Russia and Iran defy as West imposes Ukraine drone sanctions


This photo provided by the Iranian army office on August 24, 2022 shows suicide drones (kamikazes) during a two-day drone exercise at an undisclosed location in Iran.— AFP

UNITED NATIONS: Russia on Wednesday warned United Nations not to investigate alleged strikes by Iranian-made drones in Ukraine, joining Tehran in denying the origin of the weapons as the European Union prepared new sanctions.

The United States, France and Britain convened a closed Security Council meeting on the alleged sale of drones to Russia, which they described as a violation of arms restrictions imposed by the UN to Iran.

The European Union and United States both said they had evidence that Iran provided the Shahed-136, low-cost drones that explode on landing and are responsible for five deaths in the capital Kyiv on Monday as well as the destruction of civilian infrastructure.

Ukraine, which has decided to sever diplomatic ties with Tehran, says its military has shot down more than 220 Iranian drones in just over a month and footage has surfaced that appears to show an Iranian connection.

But Russian diplomat Dmitry Polyanskiy denounced the “baseless accusations and conspiracy theories”, citing as evidence that the Russian word for geraniums was written on the drones, officially known as unmanned aerial vehicles.

“The drones used by the Russian military in Ukraine are made in Russia,” Polyanskiy told reporters outside the Security Council.

“I recommend you not to underestimate the technological capabilities of the Russian drone industry.”

But he warned against any UN investigation on the ground in Ukraine as part of the application of existing sanctions against Iran.

“The team does not have this mandate to carry out investigations; they are not part of the sanctions committee. So it would be absolutely unprofessional and political,” he said.

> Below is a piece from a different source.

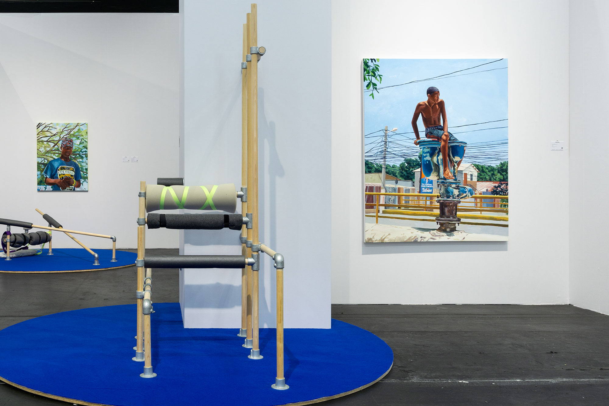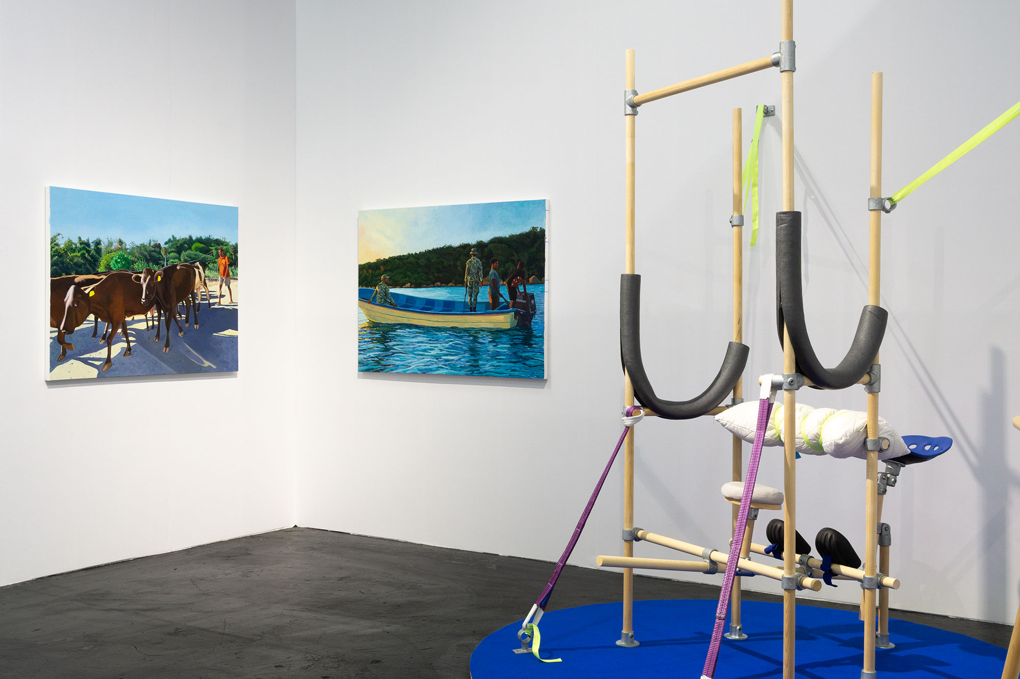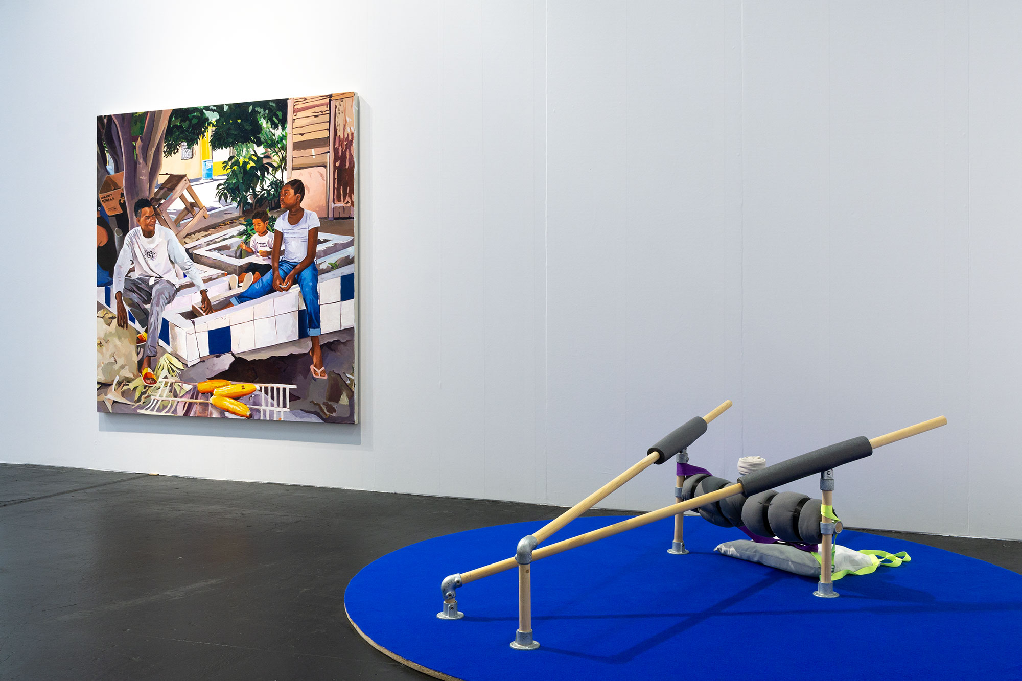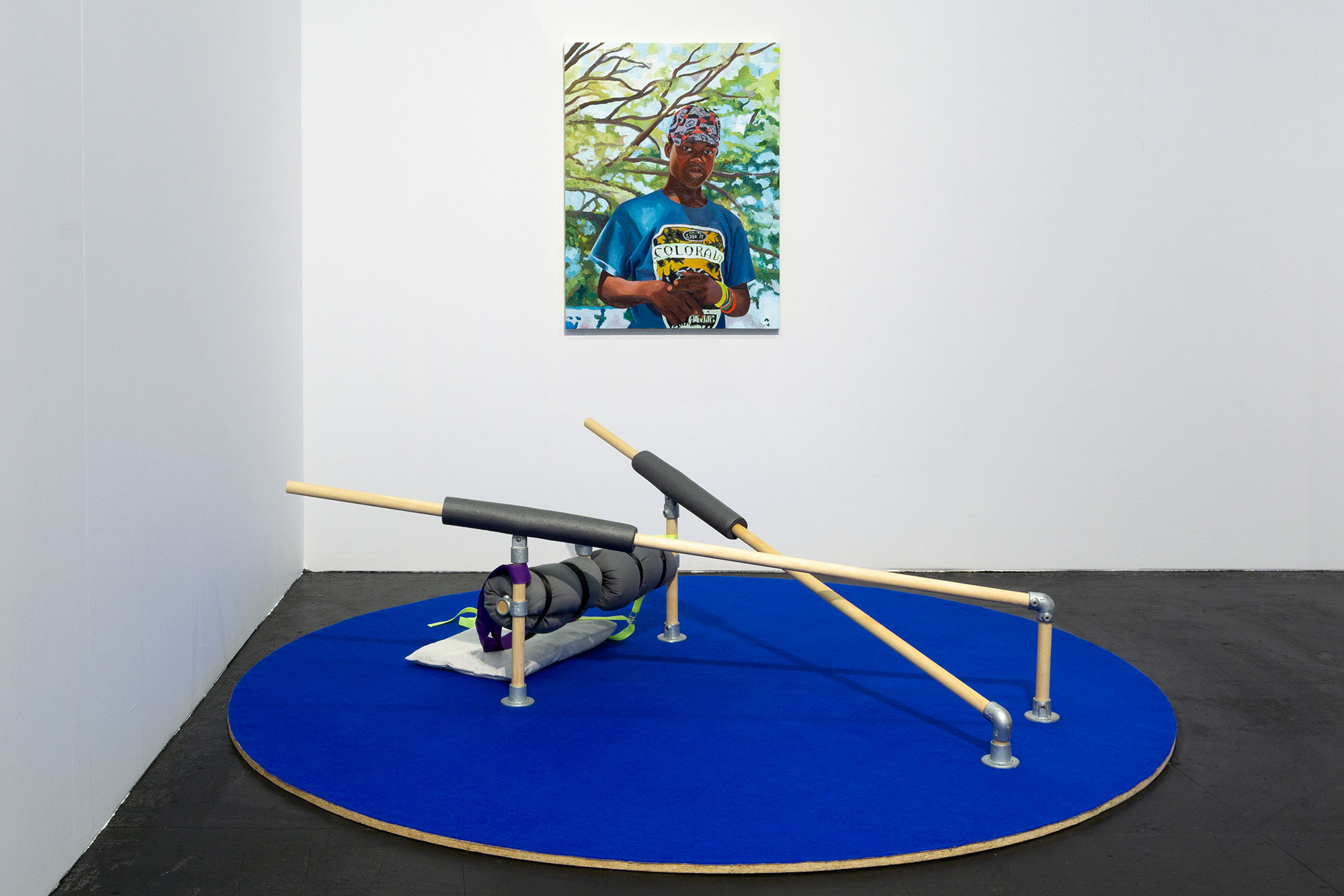 Four of the five sculptures that make up “Embracements” (2021) occupy the floor space of the booth, with the paintings by Vasquez sparsely placed on the walls. The sculptures are primarily grey and cobalt blue and are made from carpet, metal, foam, cushions, neon yellow tension straps, taking clues from gym materials like steel bars or plastic mats, with the paintings giving pops of color and outdoor views on the walls so that we cannot view exhaustion and restlessness without reflecting on moments of ease, and vice versa.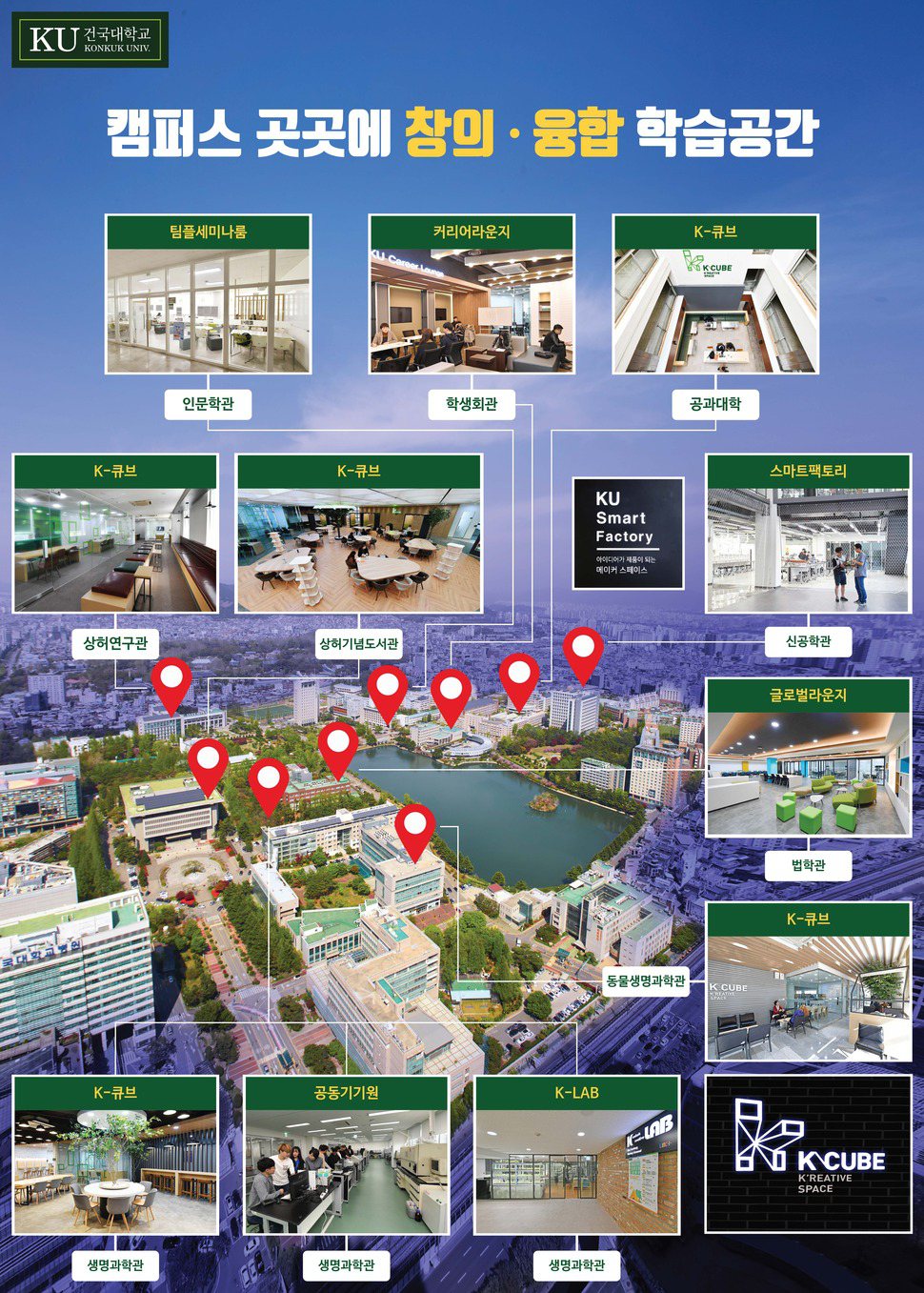 건국대 캠퍼스에는 학생들이 함께 토론하고 교류하며 창의성을 높이고 자신의 아이디어로 제품을 만들 수 있는 창의· 융합형 교육 시설이 곳곳에 들어섰다. 특히 지난해 하반기부터 첨단 개방형 창의·융합학습 라운지인 ‘K-큐브’를 캠퍼스내 5개 건물에 오픈해 팀 기반 개방형 학습공간 조성을 선도하고 있다.

If the UN secretariat or Secretary-General Antonio Guterres continues, “we will have to reassess our collaboration with them, which is in no one’s interest,” Polyanskiy said.

Iran’s UN envoy Amir Saeid Iravani also dismissed “unfounded and unsubstantiated allegations” of drone transfers and said Tehran, which abstained in votes on the war in Ukraine, wanted a “peaceful solution” to the war.

The alleged arms transfers come as Iran faces mounting pressure over its crackdown on the biggest protests in years, which were sparked by the death of Mahsa Amini, a 22-year-old detained by the notorious ” morality police” of the clerical state.

“Quick and firm” response

The European Union is expected to approve drone sanctions before a summit on Thursday in Brussels.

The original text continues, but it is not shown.